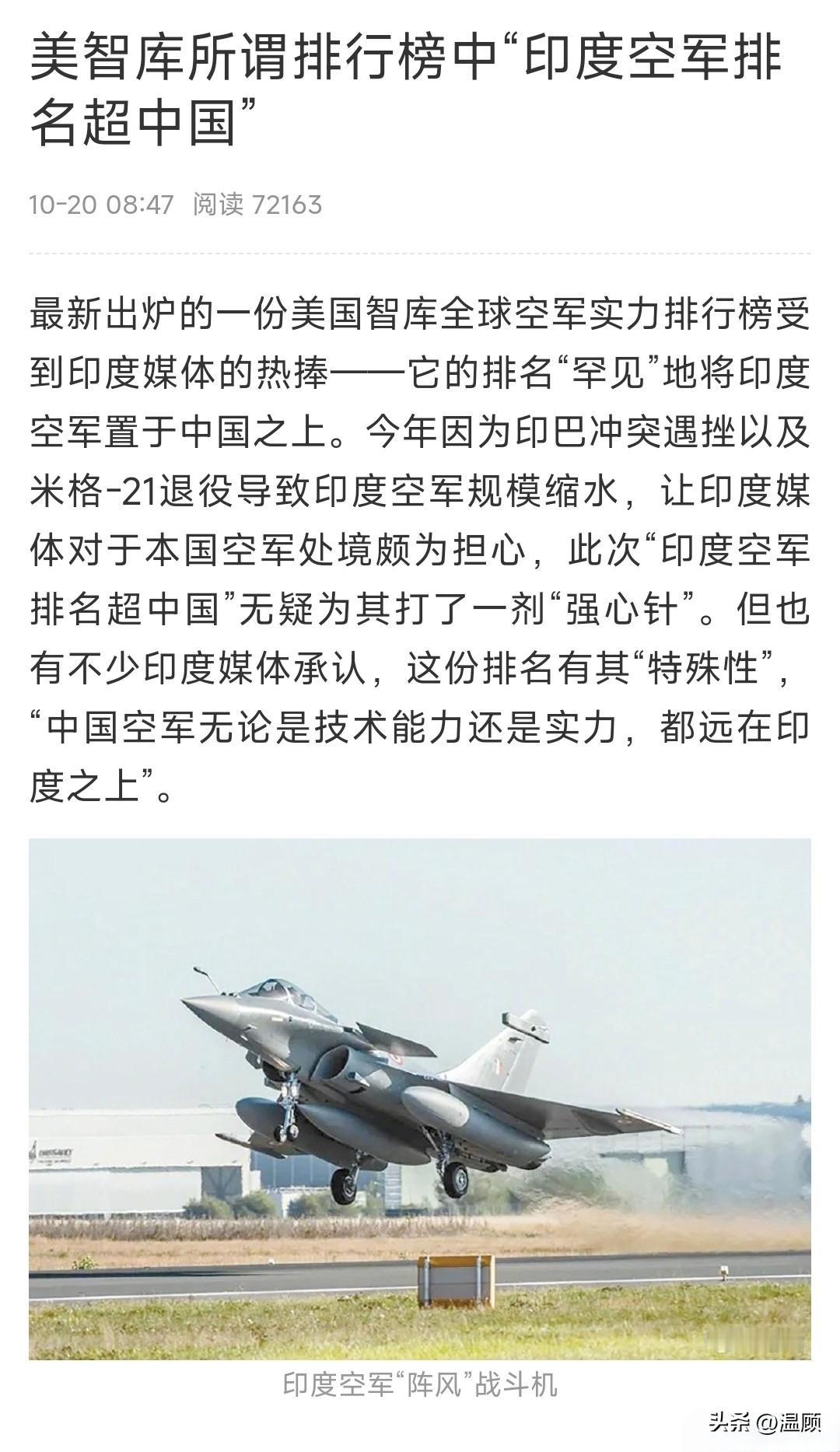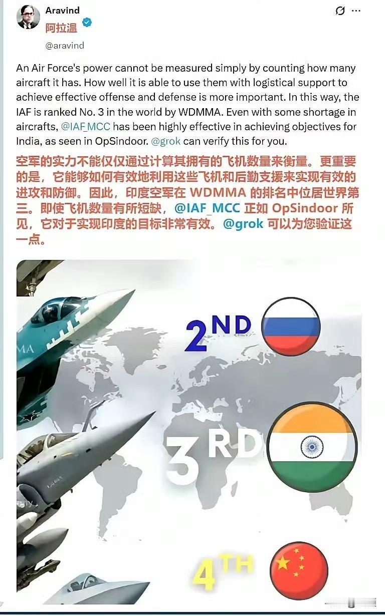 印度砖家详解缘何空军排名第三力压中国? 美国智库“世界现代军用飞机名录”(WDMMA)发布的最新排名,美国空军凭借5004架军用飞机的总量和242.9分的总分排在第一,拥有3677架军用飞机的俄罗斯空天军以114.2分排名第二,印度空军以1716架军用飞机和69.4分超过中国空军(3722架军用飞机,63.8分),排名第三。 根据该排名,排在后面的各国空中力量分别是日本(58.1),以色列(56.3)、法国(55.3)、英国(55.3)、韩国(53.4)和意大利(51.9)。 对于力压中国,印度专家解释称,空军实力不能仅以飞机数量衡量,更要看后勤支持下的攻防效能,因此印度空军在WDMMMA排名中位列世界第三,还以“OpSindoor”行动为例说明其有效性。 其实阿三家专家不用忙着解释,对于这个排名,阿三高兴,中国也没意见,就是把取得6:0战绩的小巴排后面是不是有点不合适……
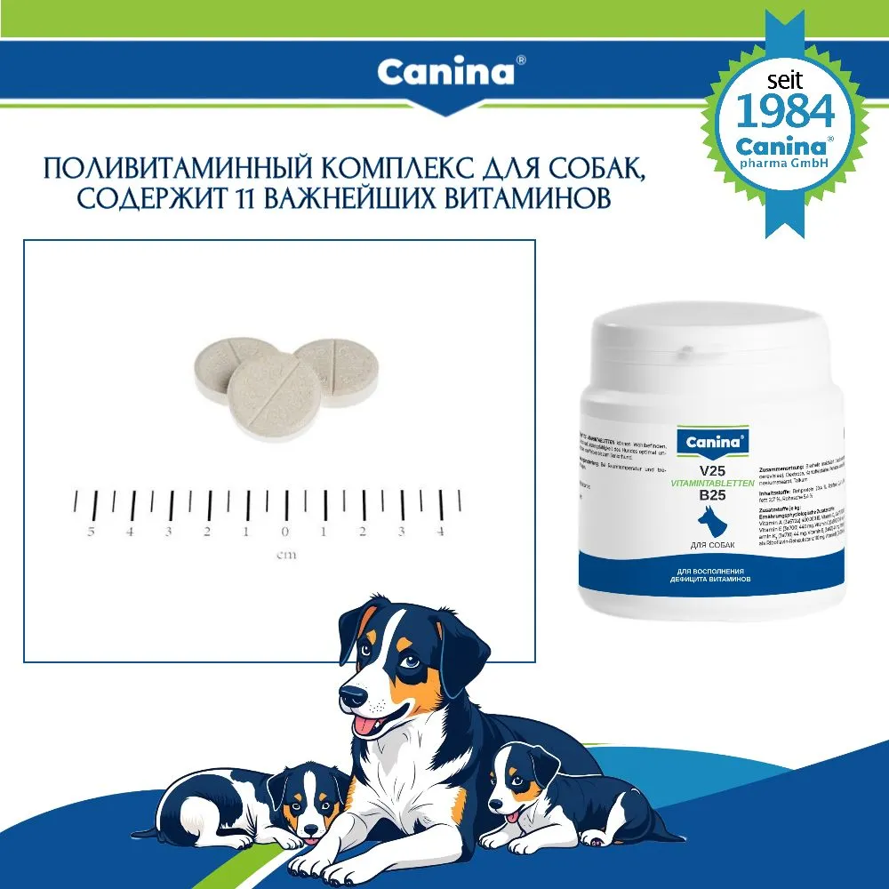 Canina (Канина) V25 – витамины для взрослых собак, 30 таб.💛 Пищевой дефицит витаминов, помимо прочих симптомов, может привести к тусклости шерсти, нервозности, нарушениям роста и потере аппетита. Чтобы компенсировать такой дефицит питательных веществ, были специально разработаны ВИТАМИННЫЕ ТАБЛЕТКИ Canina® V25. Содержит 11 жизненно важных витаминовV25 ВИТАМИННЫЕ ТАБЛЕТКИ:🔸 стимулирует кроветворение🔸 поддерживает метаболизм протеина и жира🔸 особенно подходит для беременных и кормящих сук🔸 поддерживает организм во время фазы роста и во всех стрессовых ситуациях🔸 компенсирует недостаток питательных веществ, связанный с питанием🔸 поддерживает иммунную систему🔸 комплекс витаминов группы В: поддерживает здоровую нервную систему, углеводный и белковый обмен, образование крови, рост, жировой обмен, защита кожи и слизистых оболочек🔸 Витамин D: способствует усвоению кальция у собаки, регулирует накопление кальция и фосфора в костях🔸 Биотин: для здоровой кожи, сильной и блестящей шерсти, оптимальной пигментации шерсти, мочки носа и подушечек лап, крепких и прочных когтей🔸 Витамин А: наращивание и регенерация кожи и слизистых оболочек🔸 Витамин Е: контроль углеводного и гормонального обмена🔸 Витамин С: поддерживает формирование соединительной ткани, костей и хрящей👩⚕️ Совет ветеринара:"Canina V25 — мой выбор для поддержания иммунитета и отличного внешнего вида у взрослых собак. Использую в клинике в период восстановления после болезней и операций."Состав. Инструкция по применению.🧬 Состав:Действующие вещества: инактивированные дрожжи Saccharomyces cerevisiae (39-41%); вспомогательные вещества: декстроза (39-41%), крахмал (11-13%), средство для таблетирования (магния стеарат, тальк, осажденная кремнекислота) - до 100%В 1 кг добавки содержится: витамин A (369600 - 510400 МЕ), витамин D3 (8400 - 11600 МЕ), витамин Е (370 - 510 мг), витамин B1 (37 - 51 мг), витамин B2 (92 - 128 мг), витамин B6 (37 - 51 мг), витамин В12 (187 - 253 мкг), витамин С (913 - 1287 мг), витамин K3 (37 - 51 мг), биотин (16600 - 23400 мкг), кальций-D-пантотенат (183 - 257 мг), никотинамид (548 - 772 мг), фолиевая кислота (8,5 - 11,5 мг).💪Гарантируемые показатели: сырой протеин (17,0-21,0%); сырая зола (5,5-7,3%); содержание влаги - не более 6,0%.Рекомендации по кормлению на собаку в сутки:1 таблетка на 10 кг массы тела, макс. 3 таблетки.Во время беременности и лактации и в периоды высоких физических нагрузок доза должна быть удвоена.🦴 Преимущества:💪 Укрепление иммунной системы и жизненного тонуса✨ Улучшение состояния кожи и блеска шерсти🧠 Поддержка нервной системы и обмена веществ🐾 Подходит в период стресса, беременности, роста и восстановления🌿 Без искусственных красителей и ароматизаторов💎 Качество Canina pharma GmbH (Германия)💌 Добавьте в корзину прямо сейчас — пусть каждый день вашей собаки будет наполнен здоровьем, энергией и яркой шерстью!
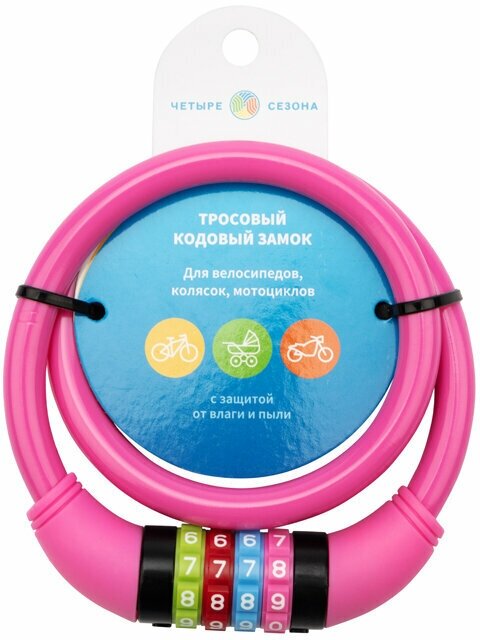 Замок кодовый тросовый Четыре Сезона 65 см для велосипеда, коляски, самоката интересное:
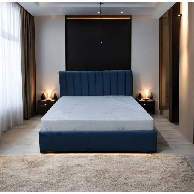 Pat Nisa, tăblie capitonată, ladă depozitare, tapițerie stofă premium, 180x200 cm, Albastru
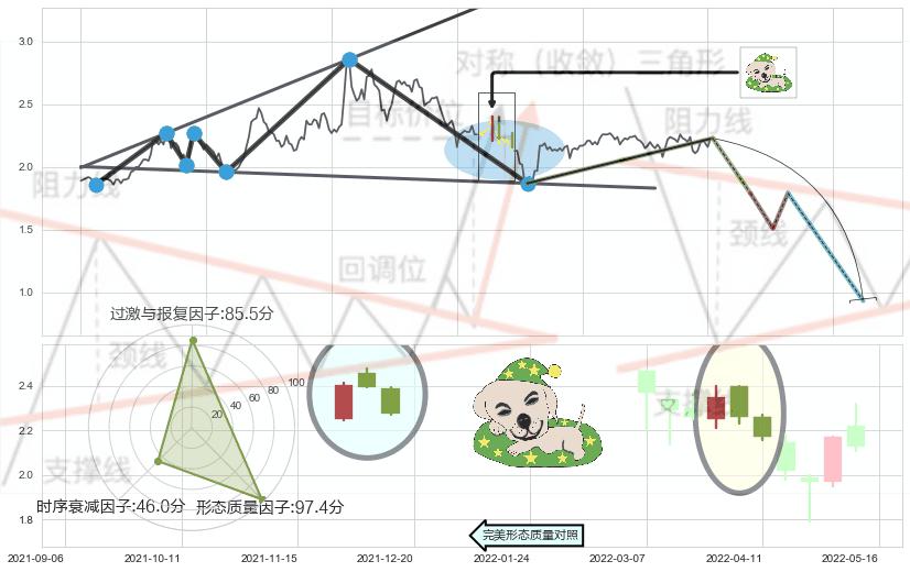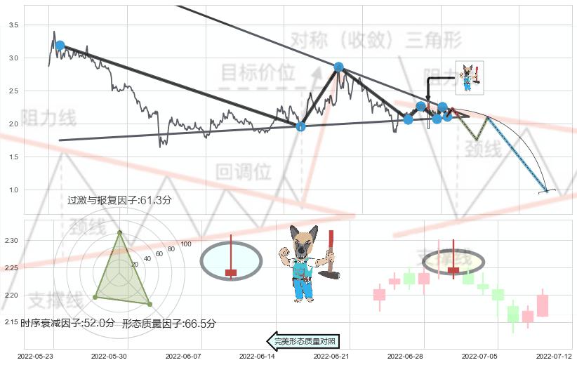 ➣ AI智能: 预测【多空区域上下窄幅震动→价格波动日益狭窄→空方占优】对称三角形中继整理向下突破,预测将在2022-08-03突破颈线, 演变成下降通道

WHAT THIS TASK INVOLVES: Would you set down each line of the data exactly, with no images included?

RESULT OF THE EXERCISE:
 印度砖家详解缘何空军排名第三力压中国? 美国智库“世界现代军用飞机名录”(WDMMA)发布的最新排名,美国空军凭借5004架军用飞机的总量和242.9分的总分排在第一,拥有3677架军用飞机的俄罗斯空天军以114.2分排名第二,印度空军以1716架军用飞机和69.4分超过中国空军(3722架军用飞机,63.8分),排名第三。 根据该排名,排在后面的各国空中力量分别是日本(58.1),以色列(56.3)、法国(55.3)、英国(55.3)、韩国(53.4)和意大利(51.9)。 对于力压中国,印度专家解释称,空军实力不能仅以飞机数量衡量,更要看后勤支持下的攻防效能,因此印度空军在WDMMMA排名中位列世界第三,还以“OpSindoor”行动为例说明其有效性。 其实阿三家专家不用忙着解释,对于这个排名,阿三高兴,中国也没意见,就是把取得6:0战绩的小巴排后面是不是有点不合适……
 Canina (Канина) V25 – витамины для взрослых собак, 30 таб.💛 Пищевой дефицит витаминов, помимо прочих симптомов, может привести к тусклости шерсти, нервозности, нарушениям роста и потере аппетита. Чтобы компенсировать такой дефицит питательных веществ, были специально разработаны ВИТАМИННЫЕ ТАБЛЕТКИ Canina® V25. Содержит 11 жизненно важных витаминовV25 ВИТАМИННЫЕ ТАБЛЕТКИ:🔸 стимулирует кроветворение🔸 поддерживает метаболизм протеина и жира🔸 особенно подходит для беременных и кормящих сук🔸 поддерживает организм во время фазы роста и во всех стрессовых ситуациях🔸 компенсирует недостаток питательных веществ, связанный с питанием🔸 поддерживает иммунную систему🔸 комплекс витаминов группы В: поддерживает здоровую нервную систему, углеводный и белковый обмен, образование крови, рост, жировой обмен, защита кожи и слизистых оболочек🔸 Витамин D: способствует усвоению кальция у собаки, регулирует накопление кальция и фосфора в костях🔸 Биотин: для здоровой кожи, сильной и блестящей шерсти, оптимальной пигментации шерсти, мочки носа и подушечек лап, крепких и прочных когтей🔸 Витамин А: наращивание и регенерация кожи и слизистых оболочек🔸 Витамин Е: контроль углеводного и гормонального обмена🔸 Витамин С: поддерживает формирование соединительной ткани, костей и хрящей👩⚕️ Совет ветеринара:"Canina V25 — мой выбор для поддержания иммунитета и отличного внешнего вида у взрослых собак. Использую в клинике в период восстановления после болезней и операций."Состав. Инструкция по применению.🧬 Состав:Действующие вещества: инактивированные дрожжи Saccharomyces cerevisiae (39-41%); вспомогательные вещества: декстроза (39-41%), крахмал (11-13%), средство для таблетирования (магния стеарат, тальк, осажденная кремнекислота) - до 100%В 1 кг добавки содержится: витамин A (369600 - 510400 МЕ), витамин D3 (8400 - 11600 МЕ), витамин Е (370 - 510 мг), витамин B1 (37 - 51 мг), витамин B2 (92 - 128 мг), витамин B6 (37 - 51 мг), витамин В12 (187 - 253 мкг), витамин С (913 - 1287 мг), витамин K3 (37 - 51 мг), биотин (16600 - 23400 мкг), кальций-D-пантотенат (183 - 257 мг), никотинамид (548 - 772 мг), фолиевая кислота (8,5 - 11,5 мг).💪Гарантируемые показатели: сырой протеин (17,0-21,0%); сырая зола (5,5-7,3%); содержание влаги - не более 6,0%.Рекомендации по кормлению на собаку в сутки:1 таблетка на 10 кг массы тела, макс. 3 таблетки.Во время беременности и лактации и в периоды высоких физических нагрузок доза должна быть удвоена.🦴 Преимущества:💪 Укрепление иммунной системы и жизненного тонуса✨ Улучшение состояния кожи и блеска шерсти🧠 Поддержка нервной системы и обмена веществ🐾 Подходит в период стресса, беременности, роста и восстановления🌿 Без искусственных красителей и ароматизаторов💎 Качество Canina pharma GmbH (Германия)💌 Добавьте в корзину прямо сейчас — пусть каждый день вашей собаки будет наполнен здоровьем, энергией и яркой шерстью!
 Замок кодовый тросовый Четыре Сезона 65 см для велосипеда, коляски, самоката интересное:
 Pat Nisa, tăblie capitonată, ladă depozitare, tapițerie stofă premium, 180x200 cm, Albastru
 ➣ AI智能: 预测【多空区域上下窄幅震动→价格波动日益狭窄→空方占优】对称三角形中继整理向下突破,预测将在2022-08-03突破颈线, 演变成下降通道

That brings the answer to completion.